Minneapolis Board of Education members decided Tuesday to take on the responsibility of recruiting district superintendent candidates themselves.
Board members also agreed on the makeup, but not the membership, of the search team that will sort through the candidates and select up to three finalists for the district’s top job. The team is expected to include nine members: the board’s student representative, up to five people drawn from the community and just three School Board members, a number that falls short of the board’s quorum, allowing the search team’s deliberations to remain private.
The board is also promising a much deeper level of community engagement as it prepares to re-launch the search for Minneapolis Public Schools’ next superintendent. The previous search — conducted last fall and largely managed by executive search firm Hazard, Young, Attea & Associates — crumbled in December and January when news broke of an abuse investigation in the home district of finalist Sergio Páez.
Interim Superintendent Michael Goar was the board’s second choice, but Goar removed himself from consideration in January.
The new process hashed-out by board members over several hours Tuesday evening will require assistance from a search firm, but that firm, which has not been named, will mainly manage the application process. Board members are expected to tap their own professional networks, including links to organizations like the Council of Great City Schools, to recruit applicants.
“If we want an adequate pool there will have to be nine of us activating every network we have,” School Board Chair Jenny Arneson told her colleagues.
A few of them, including Board Members Carla Bates and Josh Reimnitz, expressed concerns about their lack of expertise. But Board Member Nelson Inz noted the publicity around the previous failed search should help.
“I’ll just say at this point it’s not a secret that we’re looking for a superintendent,” Inz said. “We have that going for us.”
The board is also offering candidates a greater level of privacy this time around. It plans to make public only the names of the finalists. Some board members said the openness of the previous search process discouraged applicants who might have feared angering or offending colleagues at their current jobs.
Arneson said the board still aims to name a new superintendent by May. It plans to carry over a leadership profile developed for the previous search, but that outline of desired characteristics may be tweaked based on community input. The board pledged that parents, students, teachers and other community members would play a greater role throughout this new selection process.
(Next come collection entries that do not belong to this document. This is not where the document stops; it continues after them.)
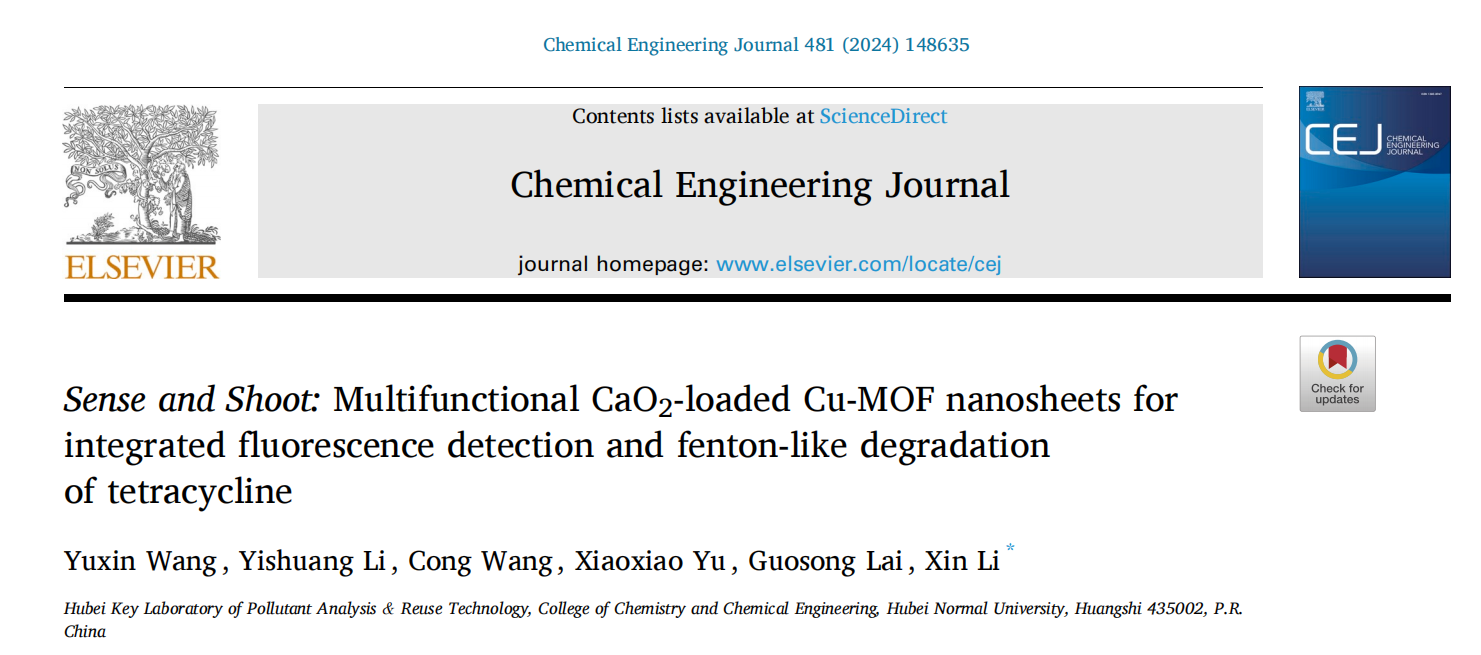 该成果于2024年1月发表于中科院SCI大类一区Chemical Engineering Journal (IF:15.1),2021级硕士研究生王宇欣为论文第一作者,李新副教授为论文通讯作者,湖北师范大学为论文唯一通讯单位。
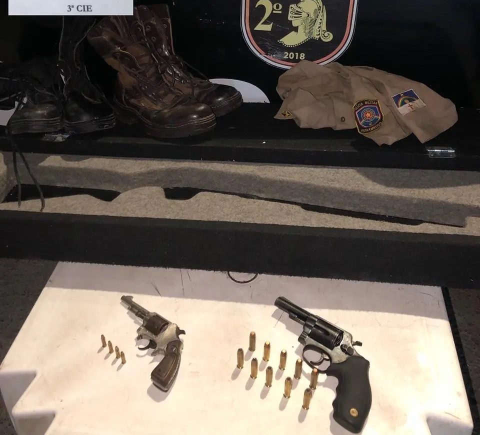 Ao avistarem o policiamento, os suspeitos ainda tentaram fugir, mas foram alcançados pelos militares. Com eles, foram encontrados revólveres e munições e fardamentos da polícia, provavelmente para a prática de crimes.
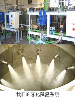 空氣霧化式降溫系統(tǒng)采用產(chǎn)生水霧的霧化裝置,噴出的水霧由熱的煙氣蒸發(fā),一個(gè)降溫系統(tǒng)的可靠運(yùn)行要求水霧能夠在即使比較低的溫度下也能完全蒸發(fā)。
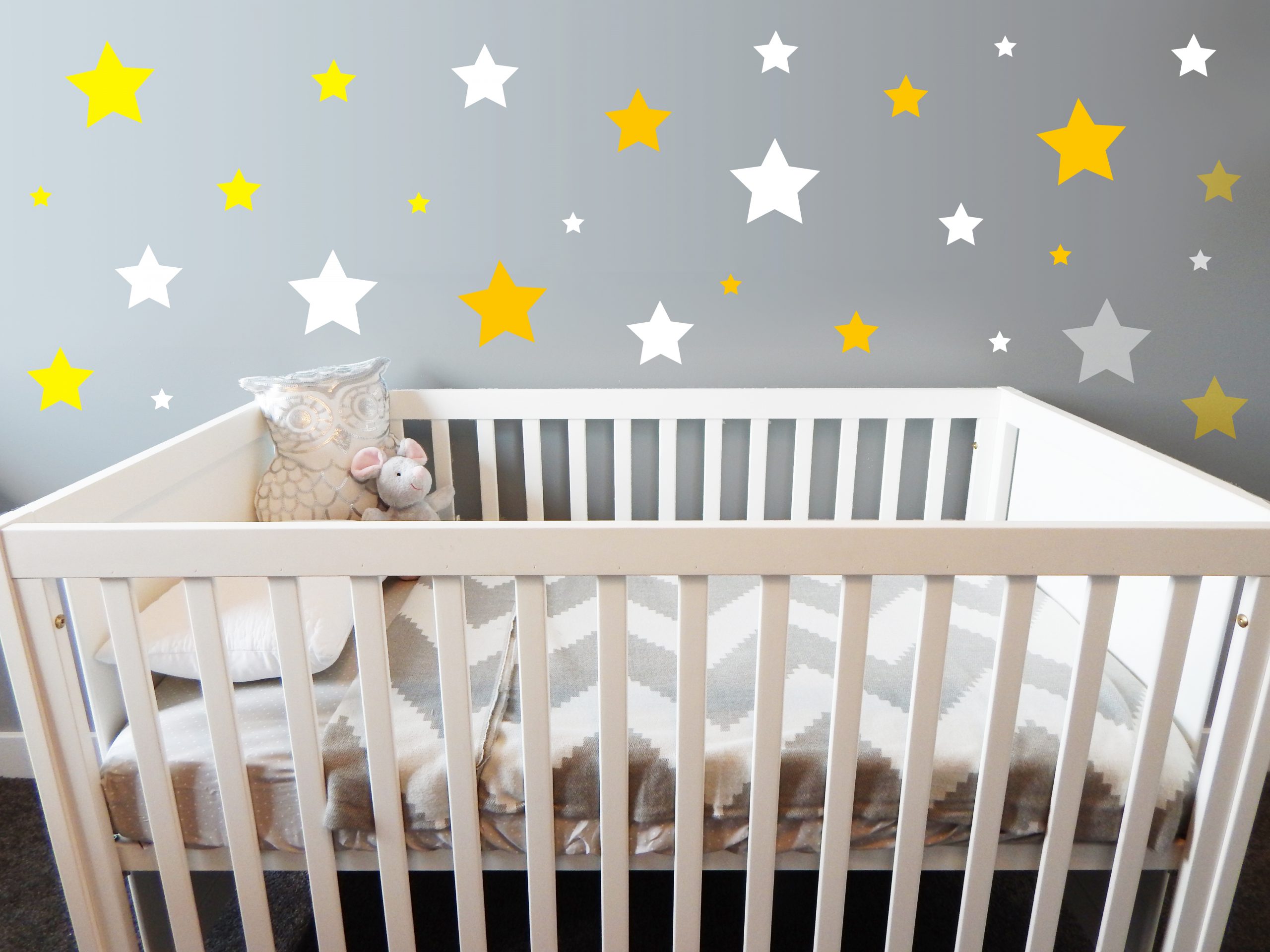 Autocollants muraux étoiles. Grâce à ces 54 autocollants muraux, vous pourrez décorez facilement la chambre de votre enfant ou de votre bébé pour lui apporter une petite touche unique en laissant place à votre imagination lors du positionnement des autocollants. Les autocollants sont fabriqués à l’aide de vinyle, au fini mat, de qualité destiné à un usage intérieur. Ils sont faciles à installer et n’endommageront pas les murs lors de leur retrait. Très faciles d’entretien, vous n’aurrez qu’à passer un chiffons humide sur les murs et sur les autocollants pour enlever la poussière et les saletés accumulées.
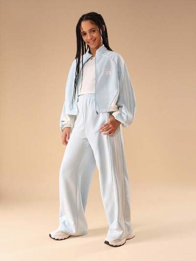 Moletom curto com capuz e zíper e calça jogger de perna larga com inscrição
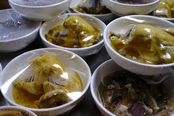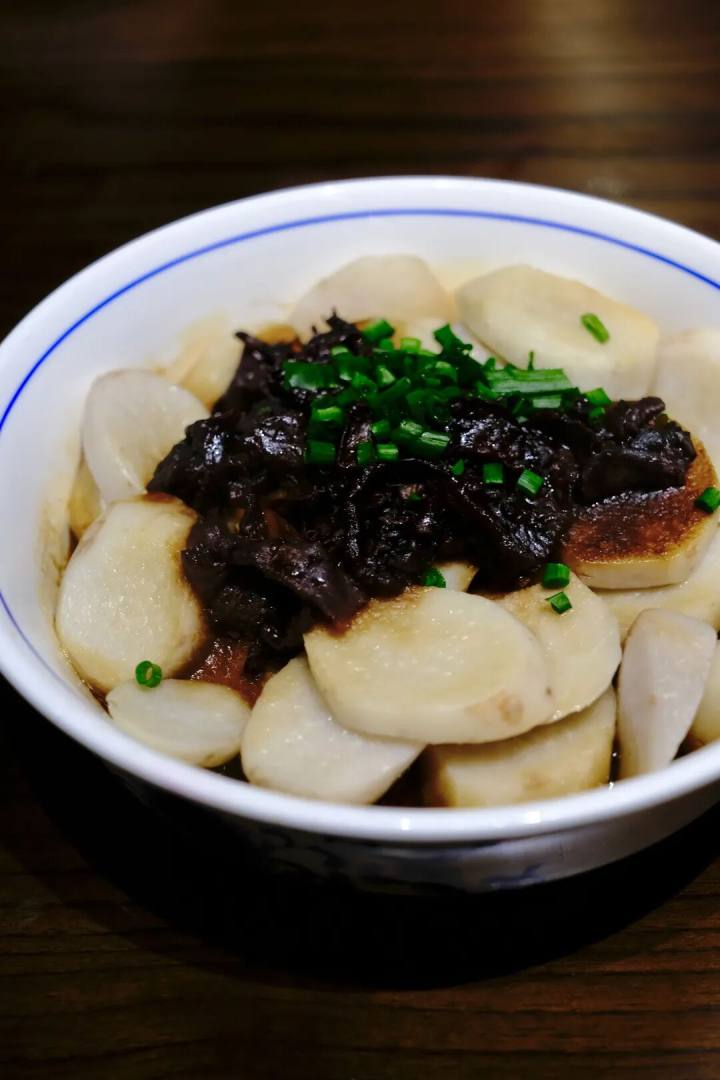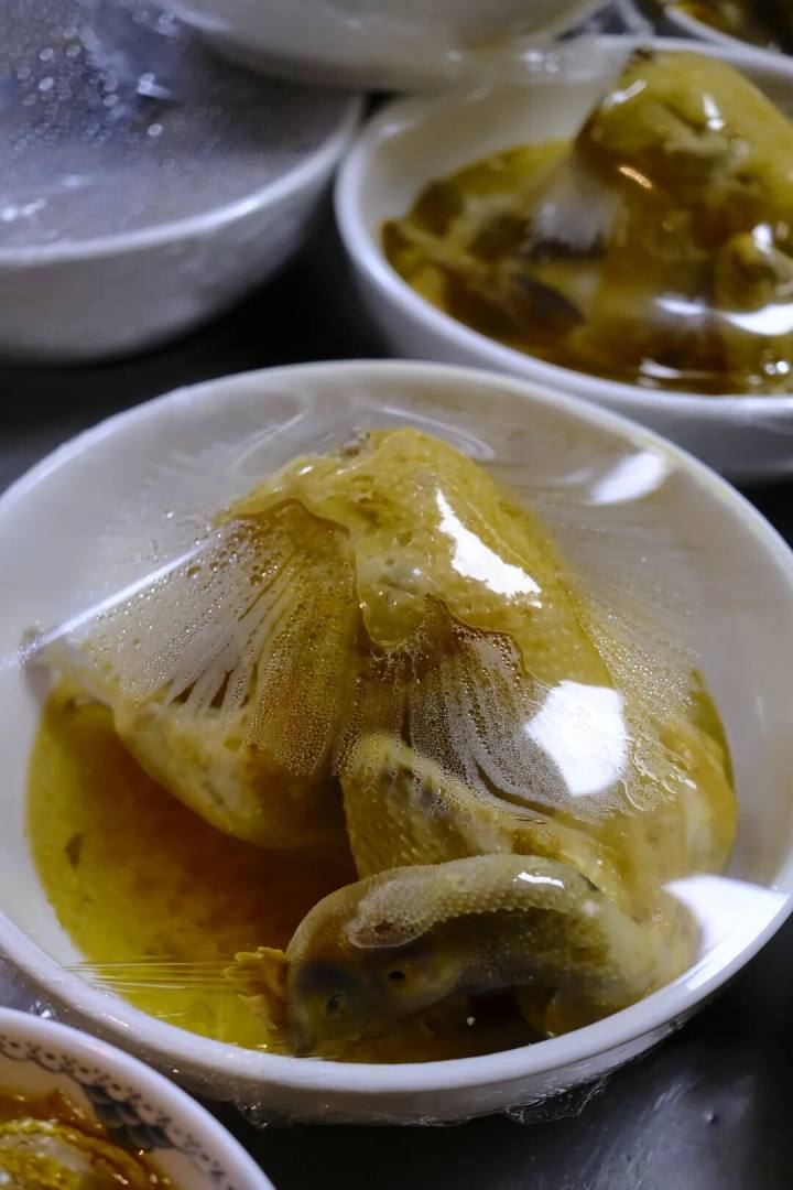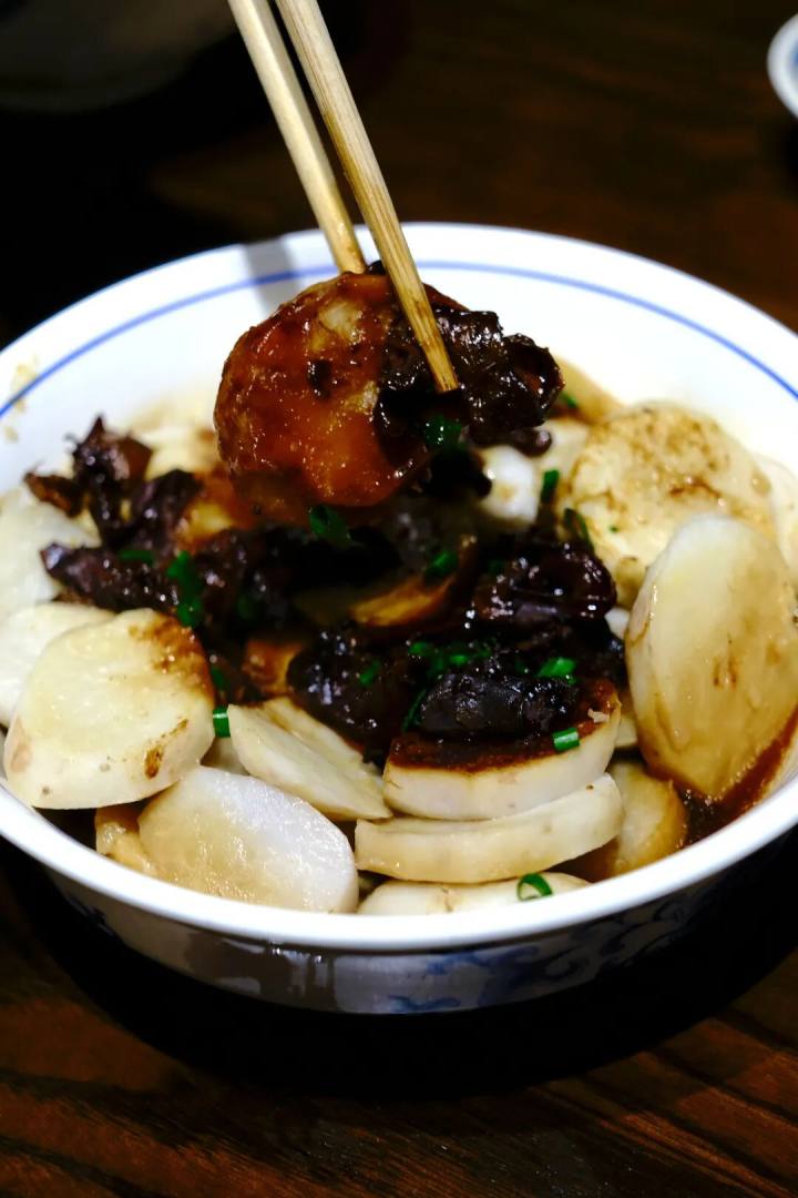鸡冠油则颇费工夫,早上阿姨洗好,洗洗麻烦,再熬猪油渣一样,熬出一半油,加豆瓣酱,进蒸箱蒸,用这个鸡冠油去蒸芋艿才香糯,隔壁桌都闻香望过来。
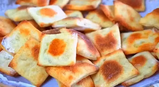 平底鍋預熱刷油,逐一放入菱形面片,烙至兩面金黃鬆軟即可出鍋食用。
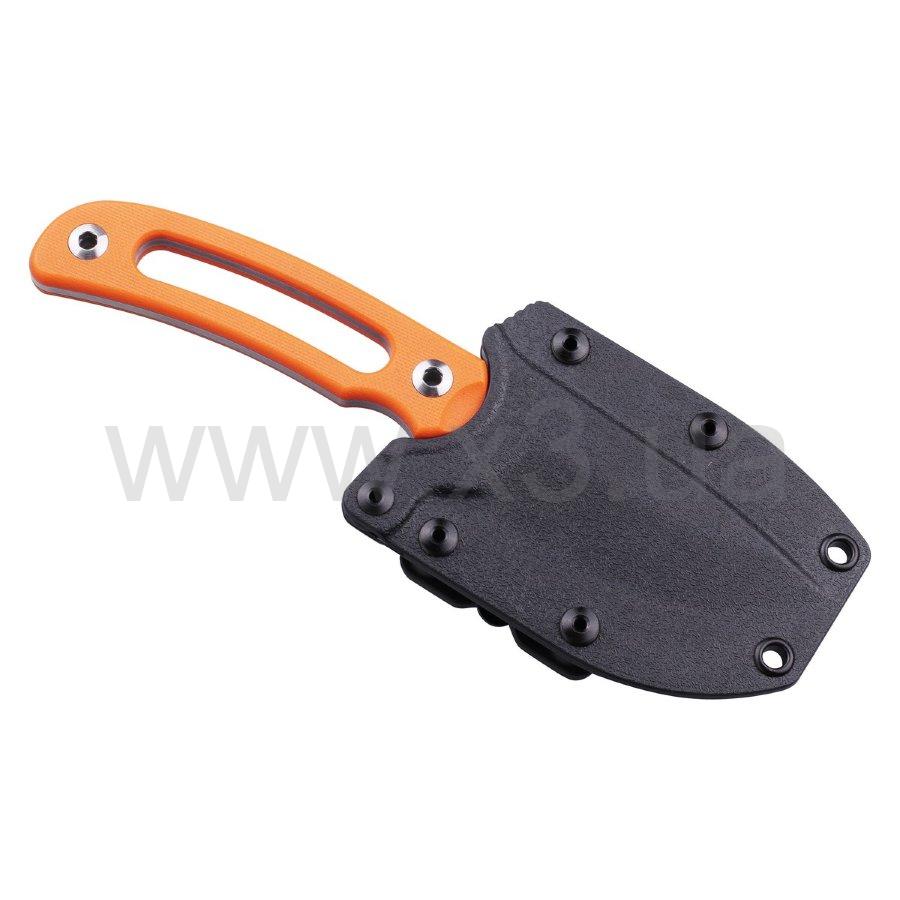 Носить этот нескладной нож можно в тех ножнах, которые входят в комплект. Они сделаны из пластика и оснащены специальным креплением на ремень, которое можно повернуть, как будет удобно пользователю. Нож сидит в таких ножнах плотно и остается в зоне быстрого доступа.
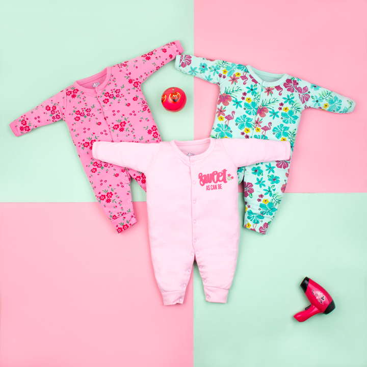 Baby Girl 3Pk Sleepsuits Sweet As Can Be Print

In hopes of avoiding the kind of last-minute revelation that sunk Páez’s candidacy, the board aims to hire a firm to conduct investigative background checks of the finalists. A site visit to Páez’s home district in Massachusetts was tacked-on to the end of the previous search, but now that visit is an explicit part of the board’s plan for all finalists.
There’s still work to do.
Board members Rebecca Gagnon and Tracine Asberry took it upon themselves to sketch an outline of just who will be sought to fill the non-board member positions on the search team. They’re expected to report back when the board meets Feb. 23.
At that same meeting, Arneson and Vice Chair Kim Ellison are expected to present a more detailed search timeline.